**Work task**.
Your answer must consist only of the lines from the start of the entries through the line that holds "نازنین بنیادی، بازیگر،", copied exactly, with no pictures.

**Supplied records**.
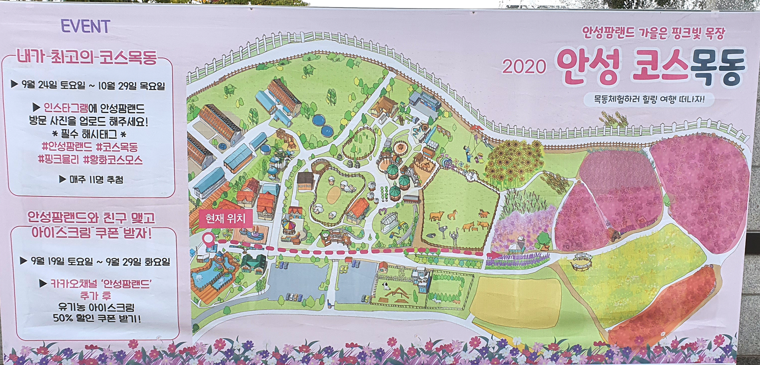 입구에서 들어가면 바로 오른쪽에 안성팜랜드 지도가 있어요. 저희는 코스모스와 핑크뮬리를 보기 위해 방문한 것이기 때문에 지도를 따라서 바로 오른쪽으로 쭉 가려고 했으나ㅎㅎ 바로 왼편부터 각가지 동물들이 자리를 잡고 있는 동물 농장을 발견해서 동물 농장을 우선 가보기로 했어요.
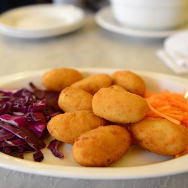 之后点的食物口味也不尽如人意,鳕鱼球显然不是整块鱼肉制成,而是打成鱼胶后加了面粉,口感粘腻,很失望
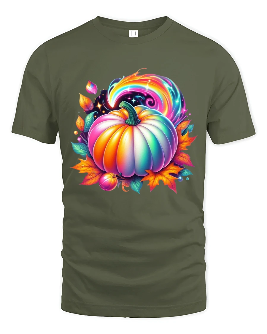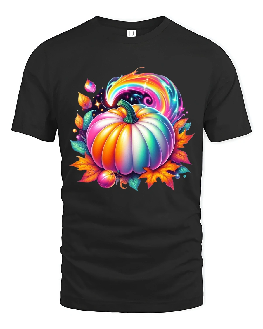 Colorful Pumpkin Magic Fall Leaves Graphic T-Shirt brings a burst of color and creativity to your fall wardrobe. Featuring a beautifully designed pumpkin glowing in rainbow hues, surrounded by golden autumn leaves and a swirl of magical energy, this tee is perfect for those who love bright and cheerful fall fashion.
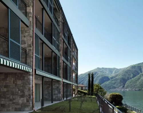 意大利萊澤諾199萬人民幣:科莫湖畔一室公寓,湖泊邊景觀房、室內(nèi)裝飾是天然石材和木材。
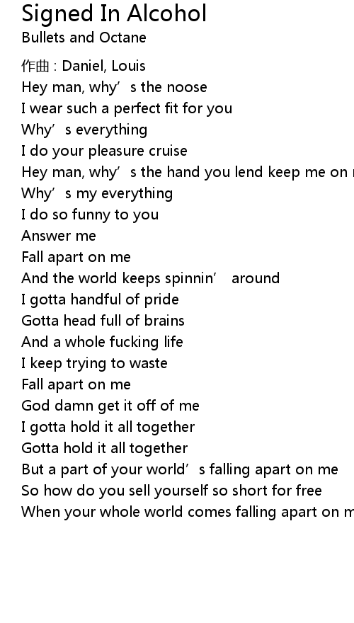 | 歌曲 | Signed In Alcohol |
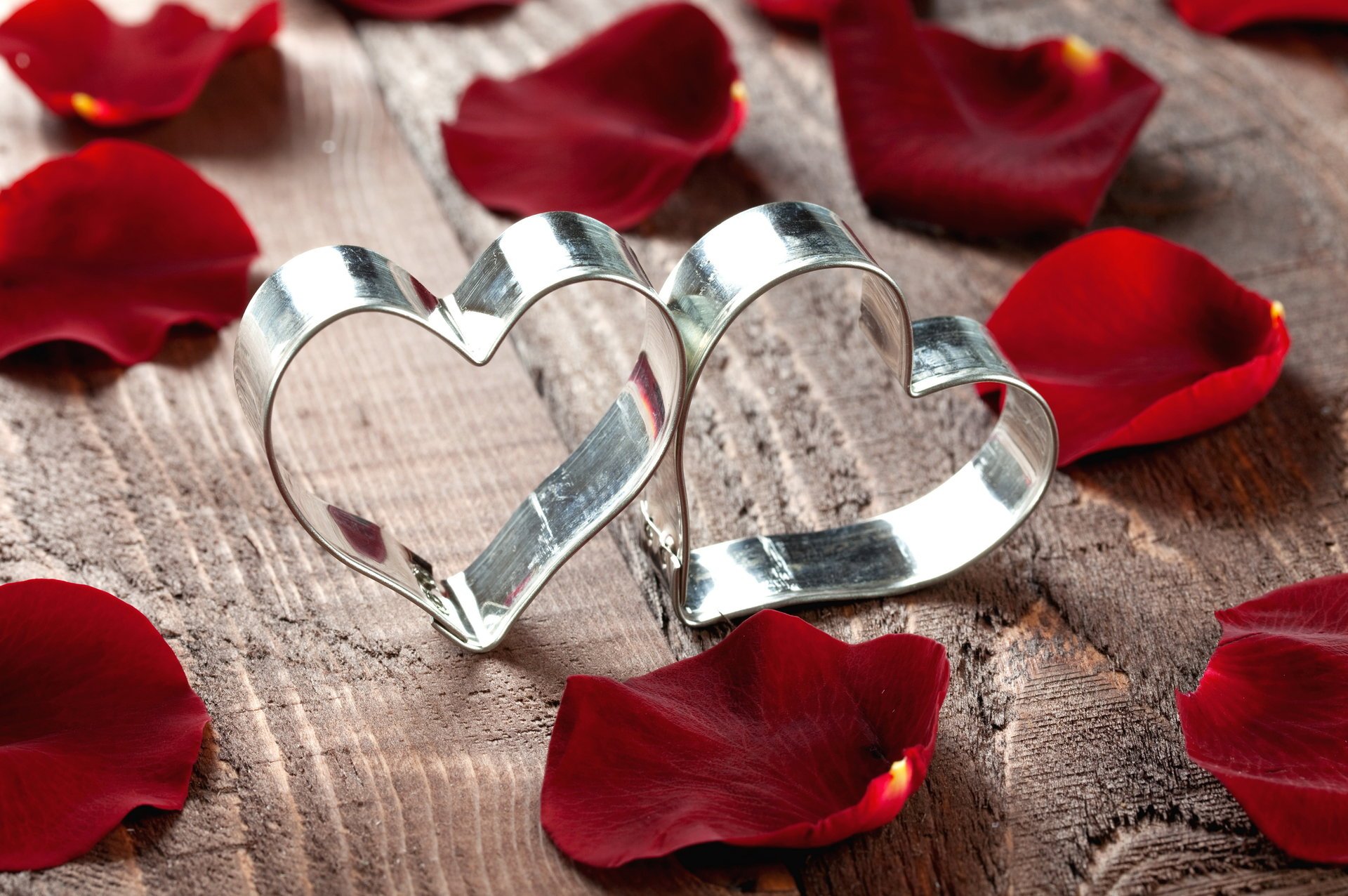 A heart-shaped pillow, a bouquet of roses and a small box decorated with a ribbonA heart-shaped pillow, a bouquet of roses and a small box decorated with a ribbon
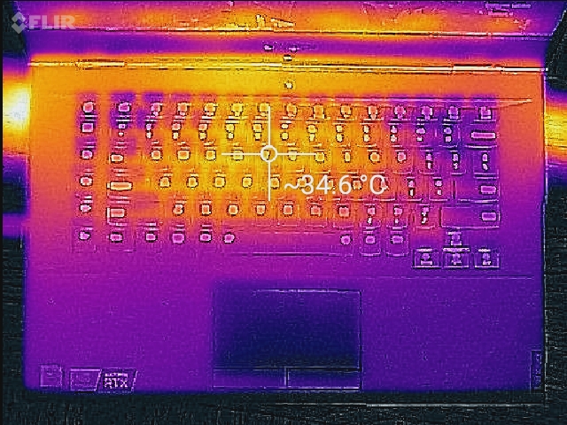 (+) Die Handballen und der Touchpad-Bereich sind mit gemessenen 29.2 °C kühler als die typische Hauttemperatur und fühlen sich dadurch kühl an.
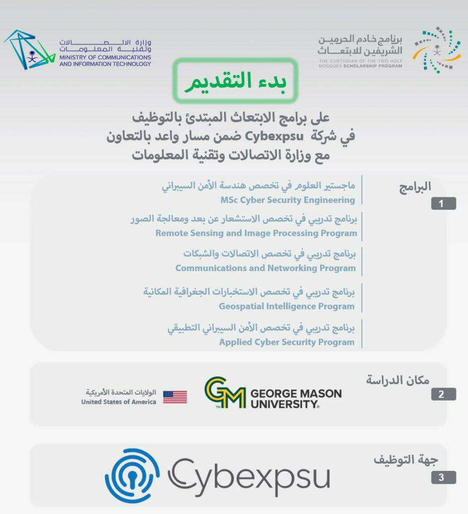 (برنامج خادم الحرمين الشريفين للابتعاث) يعلن فتح باب التقديم على برنامج الابتعاث المبتدئ بالتوظيف في شركة Cybexpsu ضمن مسار واعد أحد مسارات برنامج خادم الحرمين الشريفين للابتعاث الخارجي وذلك بالتعاون مع وزارة الاتصالات وتقنية المعلومات, وذلك وفقاً للتفاصيل والشروط الآتية.
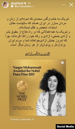 نازنین بنیادی، بازیگر، و فعال حقوق بشر، در حساب کاربری خود در اینستاگرام، ضمن تبریک به نرگس محمدی نوشت: «او یک مدافع سرسخت و پیگیر حقوق بشر در ایران است که به دلیل فعالیتهای شجاعانه خود در حال حاضر زندانی است.»
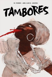 El éxito de un tebeo, o mejor dicho su repercusión, a veces depende del momento en el que se lanza. Viene esto por Tambores, un más que apreciable tebeo de El Torres, y nos quedamos cortos, que tuvo la mala suerte de llegar después de las dos historias que establecieron al autor como uno de los escritores de terror más destacables del panorama nacional, El velo (aquí, su reseña) y El bosque de los suicidas (aquí, su reseña). Con semejante listón, la percepción que se puede tener de una nueva historia de género puede verse alterada. Esto es así, es un fenómeno bastante inevitable, pero el paso del tiempo aclara mucho. Y ahora, más de una década después de la publicación original, Tambores resurge con fuerza para dejarnos claro que este tebeo es tan potente como los anteriores. Para gustos los colores, por supuesto, y cada lector tendrá su favorita, pero lo que sí está claro es que en su momento esta historia ya demostró la enorme versatilidad de El Torres en el género. La historia, además, salió adelante a pesar del cambio de dibujante, con Kráneo haciendo el primer número y Abel García ocupándose del resto, y los dos responden de manera, entendiendo claramente el mundo de vudú y zombis que describe El Torres con una viveza aterradora, desde lo más pequeño de este universo hasta lo más grande, que es lo que se ve al final.
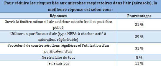 Les microbes circulent, mais les réponses montrent surtout… l’incertitude. La solution la plus efficace — aérations courtes + purificateur — n’est choisie que par 31% des personnes.
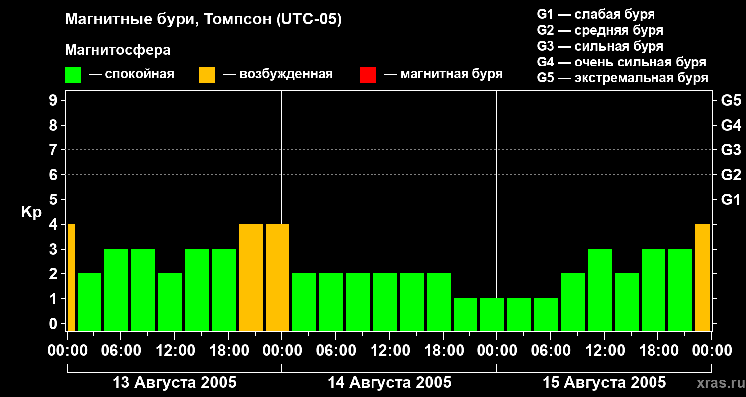 Магнитные бури в Томпсоне — 15 августа 2005 года
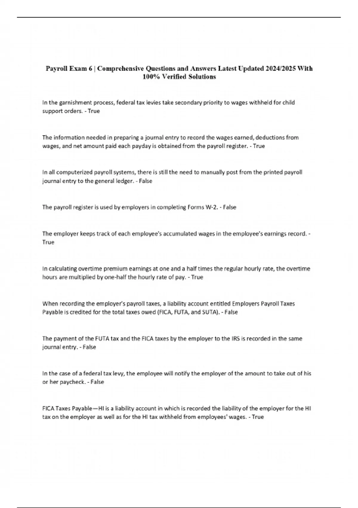 Payroll Exam 6 | Comprehensive Questions and Answers
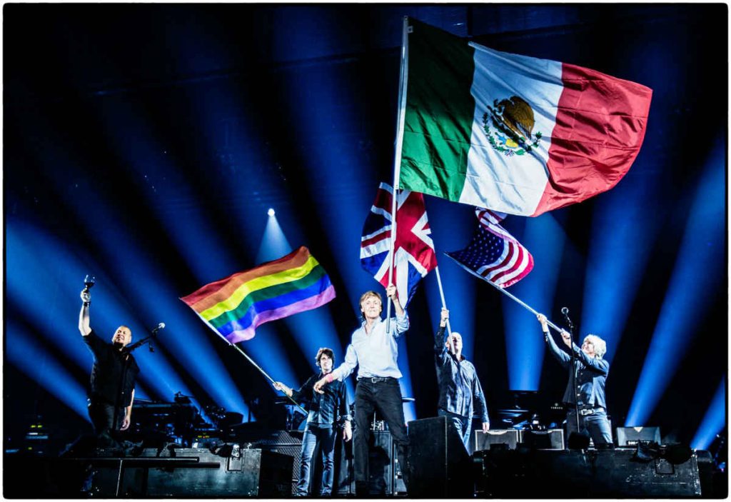 “Live and let die” dio paso a la explosión de fuegos artificiales en tanto que “Hey jude” convirtió al imponente recinto en un coro de más de 48 mil almas entonando el clásico “Na, na, na” a la par que él ondeaba las banderas de México, Estado Unidos, Gran Bretaña y la comunidad gay.
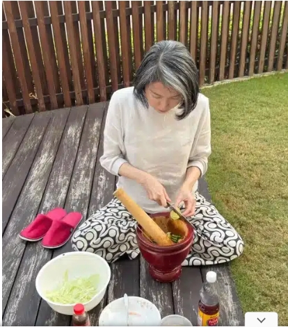 จากภาพและคลิปวิดีโอที่ปรากฏ เผยให้เห็นโมเมนต์ที่แสนเรียบง่าย โดยนิ้งมาในลุคธรรมชาติ ผมสั้นรับกับใบหน้า สวมเสื้อแขนยาวจับคู่กับกางเกงขายาวลายกราฟิกสีขาว-ดำ นั่งบนระเบียงไม้ในสวน ตรงหน้ามีครกไม้ใบใหญ่และวัตถุดิบครบครัน ทั้งเส้นมะละกอ มะเขือเทศ และเครื่องปรุงต่าง ๆ ซึ่งสีหน้าของอดีตนักแสดงดูผ่อนคลายทำให้เห็นถึงสุขภาพกายและใจที่ฟื้นฟูขึ้นมาก
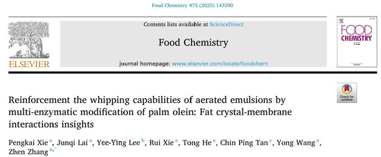 Xie Pengkai, Lai Junqi, Lee Yee-Ying, Xie Rui, He Tong, Tan Chin-Ping, Wang Yong, Zhang Zhen. (2025). Reinforcement the whipping capabilities of aerated emulsions by multi-enzymatic modification of palm olein: Fat crystal-membrane interactions insights.Food Chemistry, 475, 143390.
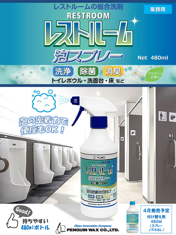 ペンギン 泡タイプ中性トイレルーム用洗剤 レストルーム泡スプレー 480ml
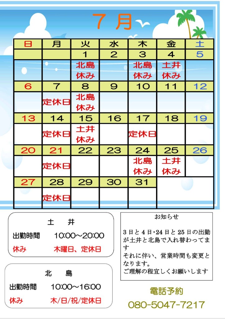 7月のシフトと営業時間についてお知らせいたします。
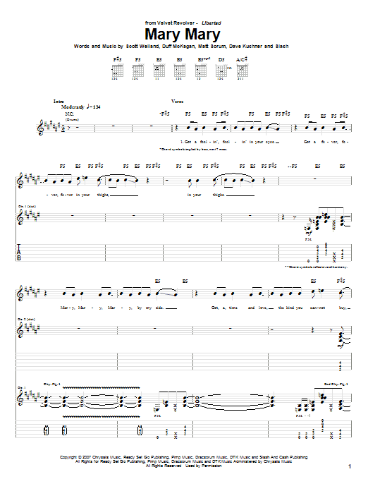 Velvet Revolver Mary Mary sheet music, chords, lyrics - Printable PDF for Guitar Tab
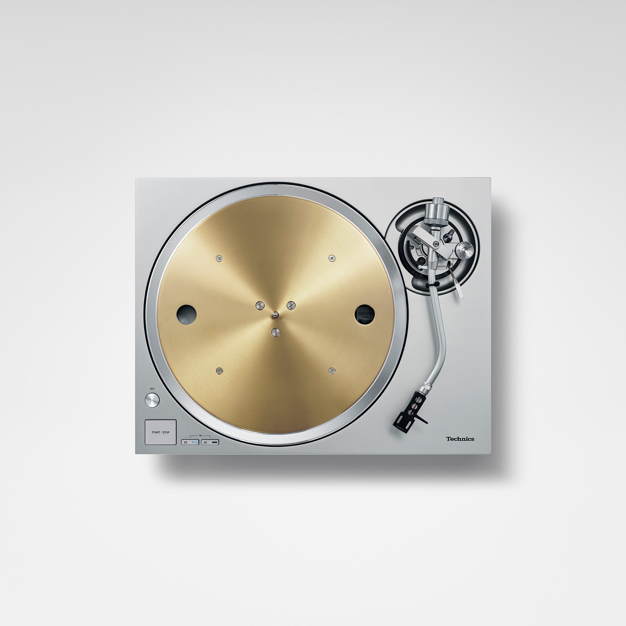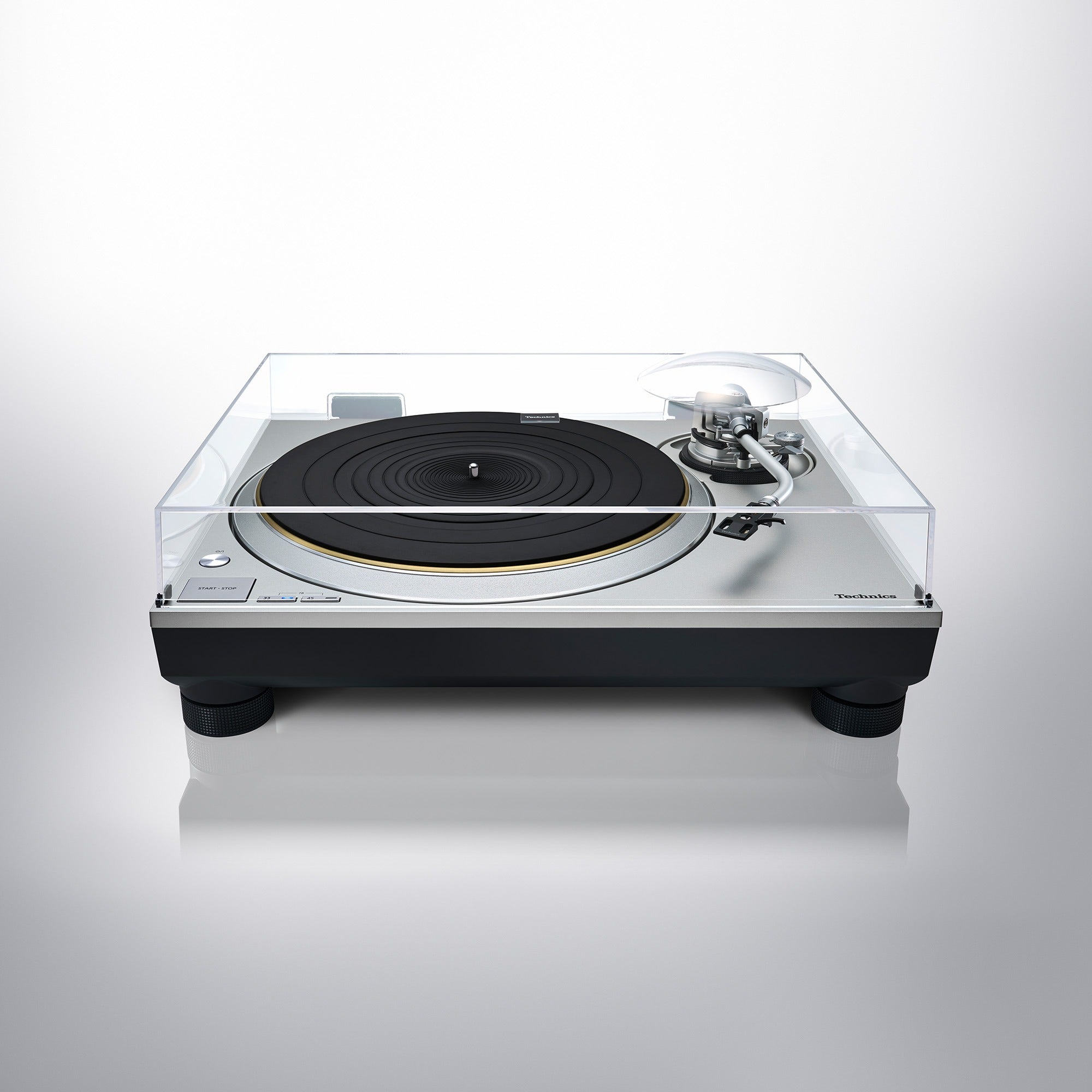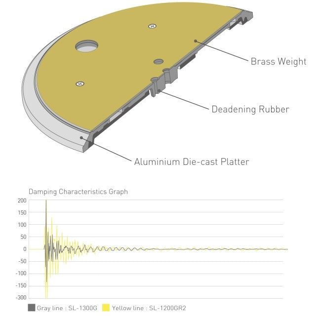 The turntable has a three-layered construction with a rigidly combined brass and aluminium die-cast platter. With a deadening rubber covering its entire rear surface to eliminate unnecessary resonance, thereby achieving high rigidity and vibration damping. This delivers smooth rotational stability and inertial mass surpassing the SP-10MK2, the direct-drive turntable standard used by broadcast stations worldwide, as well as having more than twice the inertial mass of the SL-1200MK5.

**Response**.
 입구에서 들어가면 바로 오른쪽에 안성팜랜드 지도가 있어요. 저희는 코스모스와 핑크뮬리를 보기 위해 방문한 것이기 때문에 지도를 따라서 바로 오른쪽으로 쭉 가려고 했으나ㅎㅎ 바로 왼편부터 각가지 동물들이 자리를 잡고 있는 동물 농장을 발견해서 동물 농장을 우선 가보기로 했어요.
 之后点的食物口味也不尽如人意,鳕鱼球显然不是整块鱼肉制成,而是打成鱼胶后加了面粉,口感粘腻,很失望
 Colorful Pumpkin Magic Fall Leaves Graphic T-Shirt brings a burst of color and creativity to your fall wardrobe. Featuring a beautifully designed pumpkin glowing in rainbow hues, surrounded by golden autumn leaves and a swirl of magical energy, this tee is perfect for those who love bright and cheerful fall fashion.
 意大利萊澤諾199萬人民幣:科莫湖畔一室公寓,湖泊邊景觀房、室內(nèi)裝飾是天然石材和木材。
 | 歌曲 | Signed In Alcohol |
 A heart-shaped pillow, a bouquet of roses and a small box decorated with a ribbonA heart-shaped pillow, a bouquet of roses and a small box decorated with a ribbon
 (+) Die Handballen und der Touchpad-Bereich sind mit gemessenen 29.2 °C kühler als die typische Hauttemperatur und fühlen sich dadurch kühl an.
 (برنامج خادم الحرمين الشريفين للابتعاث) يعلن فتح باب التقديم على برنامج الابتعاث المبتدئ بالتوظيف في شركة Cybexpsu ضمن مسار واعد أحد مسارات برنامج خادم الحرمين الشريفين للابتعاث الخارجي وذلك بالتعاون مع وزارة الاتصالات وتقنية المعلومات, وذلك وفقاً للتفاصيل والشروط الآتية.
 نازنین بنیادی، بازیگر، و فعال حقوق بشر، در حساب کاربری خود در اینستاگرام، ضمن تبریک به نرگس محمدی نوشت: «او یک مدافع سرسخت و پیگیر حقوق بشر در ایران است که به دلیل فعالیتهای شجاعانه خود در حال حاضر زندانی است.»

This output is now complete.